I’m looking forward to hugs from my parents and chitchat standing in my sister’s kitchen, playing baseball and football with my nephews. I’m excited to hug my people in Abilene, and I can’t wait for Tex-Mex enchiladas and spicy salsa. My soul always thrills to the music at our Christmas Eve service, one of my favorite evenings of the year, when we sing all the verses of as many carols as we can squeeze in, and lift our lit candles during “Silent Night.”
But in other ways, I’m absolutely not ready yet.
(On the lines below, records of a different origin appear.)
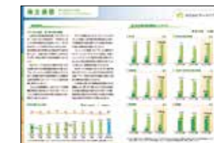
第1四半期の株主通信

冊子での配布は半期ごとですが、当社のホームページにて、四半期決算ごとの株主通信を開示しております。今後も株主・投資家の皆様に対して、積極的なIR活動を行ってまいります。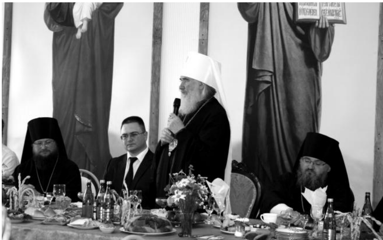
Слово владыки к собравшимся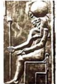
۷۹. مسخت - [۲۷، ص ۱۲۲]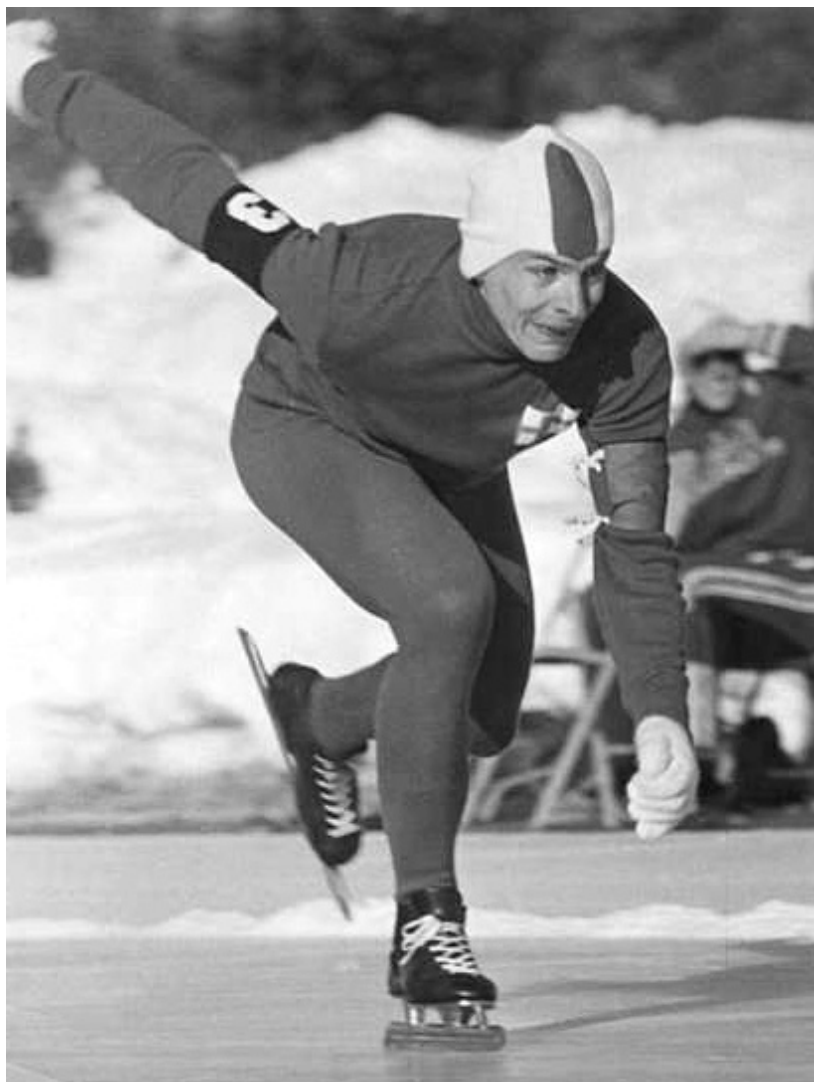
*Juhani Järvinen, één van de Finse schaatshelden in de jaren vijftig. Hij werd wereldkampioen allround in 1959.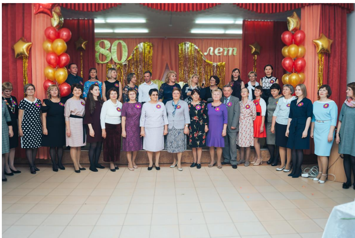
Развитие кадрового (педагогического) состава образовательного учреждения

На сегодняшний день в Лицее № 10 работает 44 педагога, включая администрацию учреждения. Штат укомплектован на 100%. Педагогический коллектив стабилен, 72% коллектива работает в школе 20 и более лет. Средний возраст педагогического коллектива - 45 лет, 18% учителей 55+. В 2020/2021 году в школу пришли работать 3 педагога в возрасте до 25 лет. Профессиональный рост и аттестация педагогических кадров - один из наиболее важных факторов, влияющих на качество образования. С педагогами школы ведется целенаправленная работа по мотивации профессионального роста, повышения квалификации. В результате в течение последних двух лет курсы повышения квалификации закончили все учителя - 100%.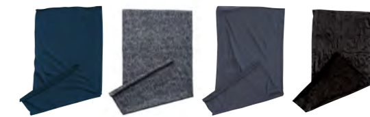
marine noir-mélange graphite noir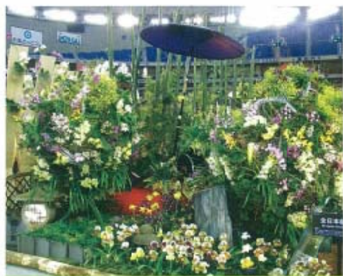
▲ 全日本蘭協之景觀佈置

日本蘭展的展場內沒有任何販售飲食的攤位，飲食的販售只在入口處及休息區，因為展場內「禁止飲食」。反觀台灣的國際蘭展，展場內不時的飄逸著烤魷魚、咖啡或是叫賣飲食的聲音，雖然大會已將飲食區隔離，又一直透過廣播告訴大眾「展場內禁止飲食」，但仍會看到手拿冰淇淋、飲料或是食物邊走邊吃的人，不禁令人莞爾——「主角是誰？」，有關這點，台灣民眾還有待加強！！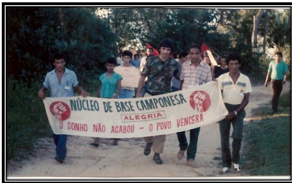
Trabalho de organização dos Núcleos de Base no Piauí

- Coletivo Estudantil: Coordenador (a); Subcoordenador (a); Assistente Universitário; Assistente Secundarista e Assistente de Pós-Graduação;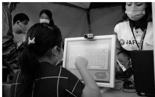
(子ども免許証発行コーナー)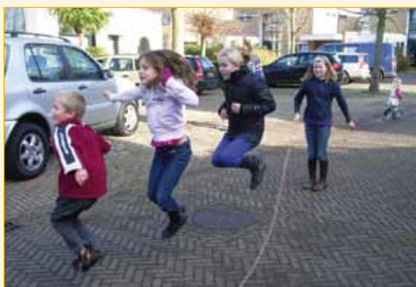
Foto 11: Veel leerlingen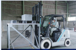
兵労基安登録第355号 (2025/2/13満了)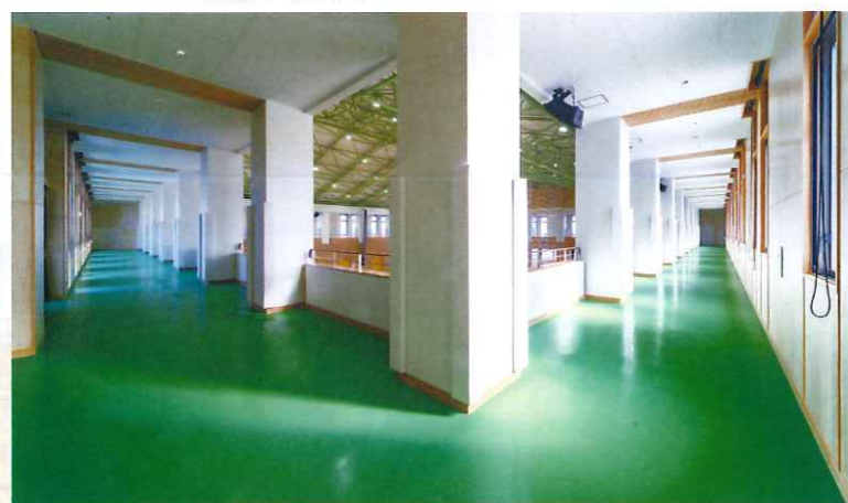
ギャラリー (ランニングコース)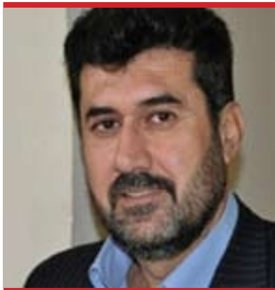
ئوسامە جەمیل بۆ گولان:

و بۆ هەموو لایەنەکان وەک یەک بێت و بەیەک دورایی لەهەموو لایەنەکان دەروانیت و لەهەوێ ئەوێ لایەنەکان پیکبێن و ئەو دوو سالی کە ماو، نوری مالیکی سەرۆک وەزیرانی عێراق بێت، بەحوکمی ئەوەی سەرۆک کۆمار نایەوێت بێتە لایەنیکی لەکێشەکە. ئەو بەشیکی، بەشیکی دیکەشی ئەوەیە بەدلیانییەو وەک سەرۆک کۆمار و وەک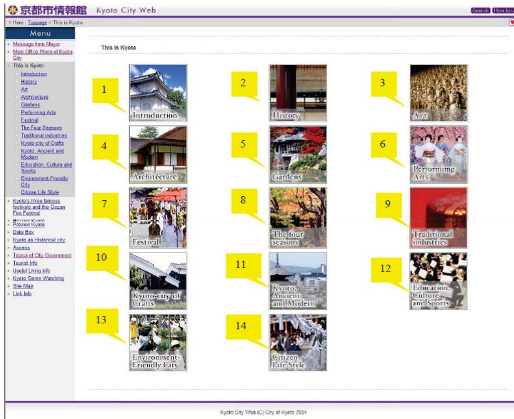
شکل ۴. نمونه‌ای از یکی از صفحات اصلی، تصویر وبسایت رسمی کیوتو اختصاص داده شده برای معرفی محل

همانطور که در شکل بالا مشخص است توجه عمده وبگاه کیوتو بر مسائل فرهنگی در راستای هویت بخشی محلی است که در قالب (۱) معرفی اجمالی محل، (۲) تاریخچه، (۳) هنرهای محلی، (۴) معماری سنتی و مدرن محل، (۵) باغ‌های دیدنی منطقه معرفی شده به عنوان میراث ملی، (۶) هنرهای تجسمی محل (نمایش کابوکی، موسیقی و غیره)، (۷) فستیوال‌ها و جشن‌های محلی، (۸) معرفی جاذبه‌های کیوتو در هر فصل به‌طور جداگانه، (۹) معرفی صنایع خانگی محل و قدمت آنها، (۱۰) معرفی صنایع دستی محل، (۱۱) معرفی مکان‌های دیدنی، ابنیه باستانی و مدرن کیوتو، (۱۲) معرفی قطب‌های فرهنگی، علمی، آموزشی و ورزشی محل، (۱۳) معرفی برنامه‌های اکولوژیکی و محیط زیستی منطقه و (۱۴) معرفی و توضیح سبک زندگی در کیوتو ارائه شده است.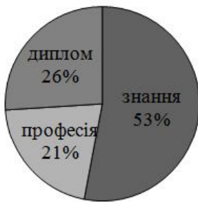
Рис. 3. Розподіл видів мотивації серед студентів 1 курсу медичного факультету.

взяли участь 91 студент 1 курсу (рис. 3). Мотивація на "придбання знань" склала 53% (48 опитаних студентів). Відповіді на запитання розділу свідчили, що студенти самостійно вивчають предмети, які, на їх думку, потрібні для оволодіння майбутньою професією, однаково глибоко вивчають всі навчальні дисципліни, ретельно готуються до іспитів, навчаються без періодичної стимуляції і нагадування адміністрації. При цьому 12 студентів, що склало 13% з усіх опитаних, показали "дуже високу" мотивацію на придбання знань.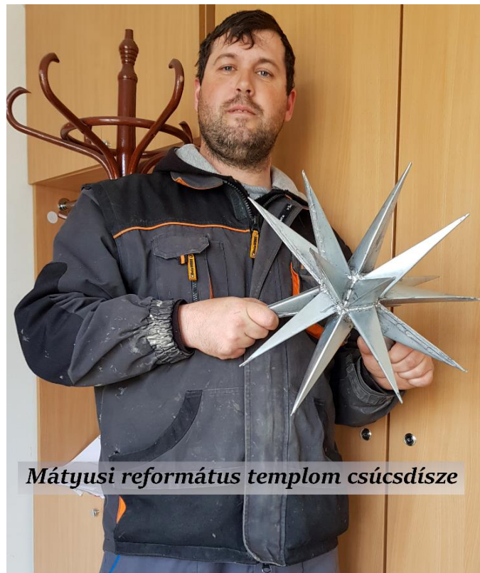
Mátyusi református templom csúcsdísze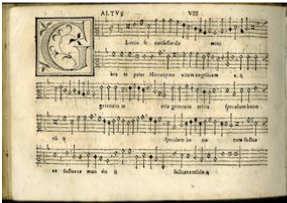
Altus. Gloriose confessor Domini. Sacrae cantiones quae vulgo moteta nuncupatur (1555). Francisco Guerrero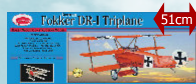
Fokker DR-1 74,90 € Guillow's - S0280204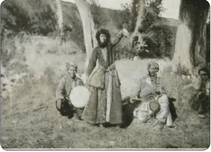
Şekil.1. Kopal'da Dans Eden Kürt Genci (Sayfa 254'ten Şekil.179)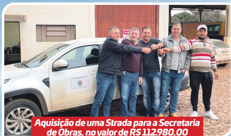
Aquisição de uma Strada para a Secretaria de Obras, no valor de R$ 112.980,00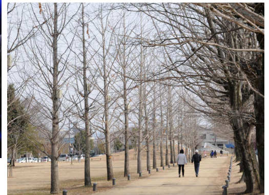
冬枯れの並木道 / 各務原冬ソナストリート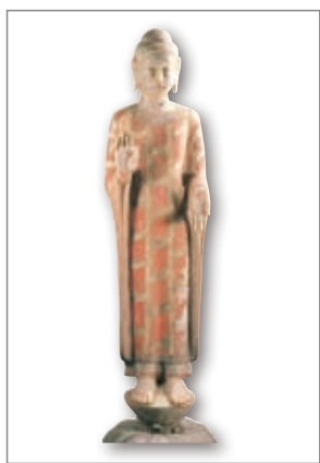
彩绘石雕释迦立像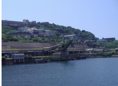
▲池島港より 石炭積み込み機など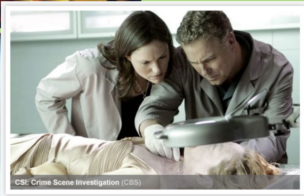
CSI: Crime Scene Investigation (CBS)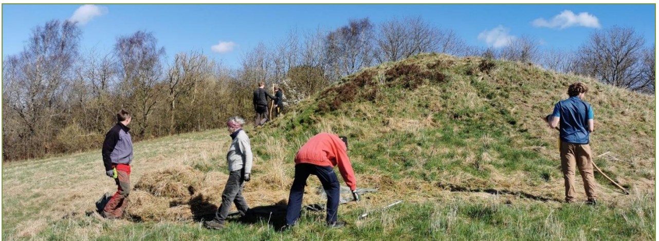
Naturpleje på Kухhøj og ved Døde å, samt Priklæbet gøgeurt i Årslev.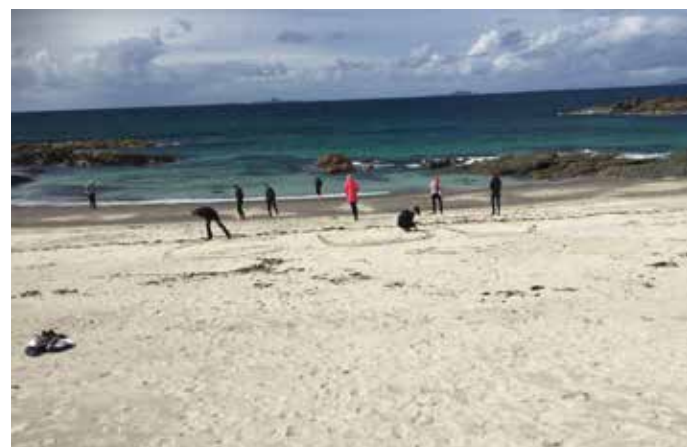
Gud bär dina tankar i sanden.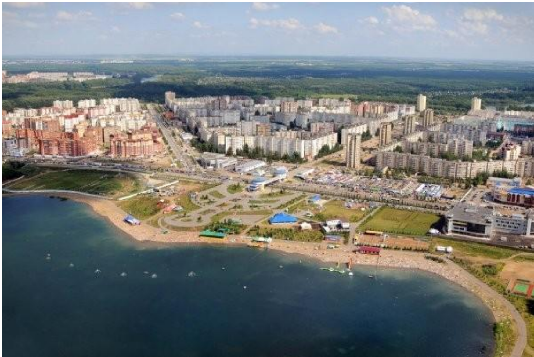
Общий вид парка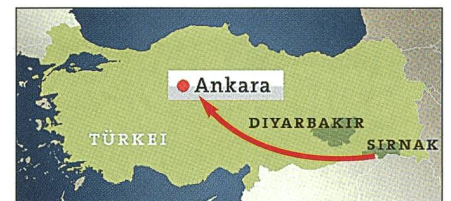
Die geplante C-130-Route für die Putsch-Flüge nach Ankara – elend gescheitert.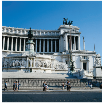
K08_018 CD-Rom: 08 Italien • Rom • Monumento Vittorio Emanuele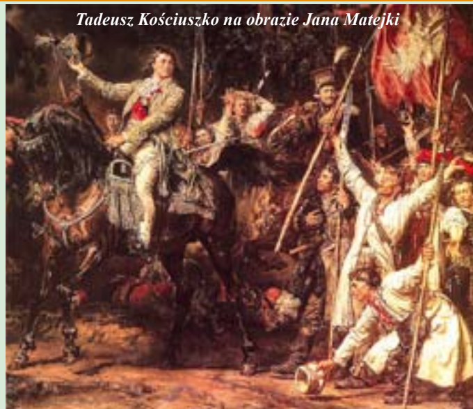
Tadeusz Kościuszko na obrazie Jana Matejki

po złożeniu przysięgi wierności carowi, w 1797 wyjechał do Stanów Zjednoczonych. W lipcu 1798 przybył do Paryża, gdzie współdziałał przy tworzeniu Legionów Polskich. Zmarł w Szwajcarii (w Solurze), gdzie spędził ostatnie lata swego życia. Pochowany na Wawelu.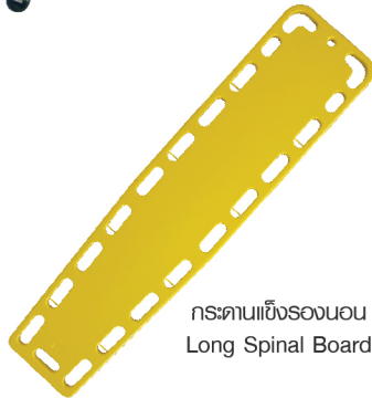
กระดานแข็งรอนอน Long Spinal Board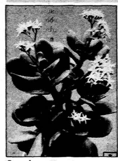
Crassula argentea. Lengvai dauginami lapais. Krasulos taip pat žydi rausvų arba balzanų žiedelių kekėmis.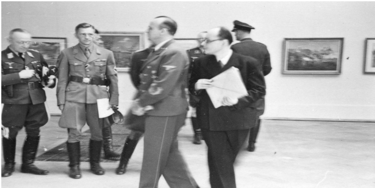
Hans Frank (3 z lewej) w towarzystwie oficerów i cywilów zwiedza nierozpoznaną galerię.

https://przystanekhistoria.pl/pa2/tematy/kultura/81014,Portret-niemieckich-grabiezcow.html

I am still watching, still waiting, still turning my heart toward the hope I do not understand, yet so desperately need. I’m picking up that old, beloved Advent book again, turning back to the words that have helped me make sense of this season for more than twenty years. I am practicing the work of Advent, the work of being human: "hope in hard landscapes,” as my eloquent friend Stephanie Duncan Smith has it. (Her new book is an excellent companion for Advent.) I am trying to form the habits of hope and attention: watching and listening, expectant and open, so that I can—in the words of Loretta Ross-Gotta, “be a womb. Be a dwelling for God. Be surprised.”
New on the blog: thoughts on my current sacred text and making a (tired) joyful noise.
Reading: my beloved Advent book, of course. Stacks of mysteries and WWII fiction. Work emails, flight schedules, carol lyrics, and Jan Karon’s Mitford Christmas novel, Shepherds Abiding.
Listening: Christmas carols at Mem Church, on Spotify, at choir rehearsals twice a week. Ukulele and drums and laughter, at ZUMIX. Hammering and drilling (so much construction work in the neighborhood). And the occasional winter rainstorm.
Loving: This Vox piece on being generous with your invitations. Twinkle lights, anywhere I can get ‘em. Wildflower patches in cities. Tomato soup and peppermint Oreos from Flour Bakery. My iconic green coat. Local theatre. Budding paperwhites and my various leggy houseplants. And a catch-up call or two with old friends.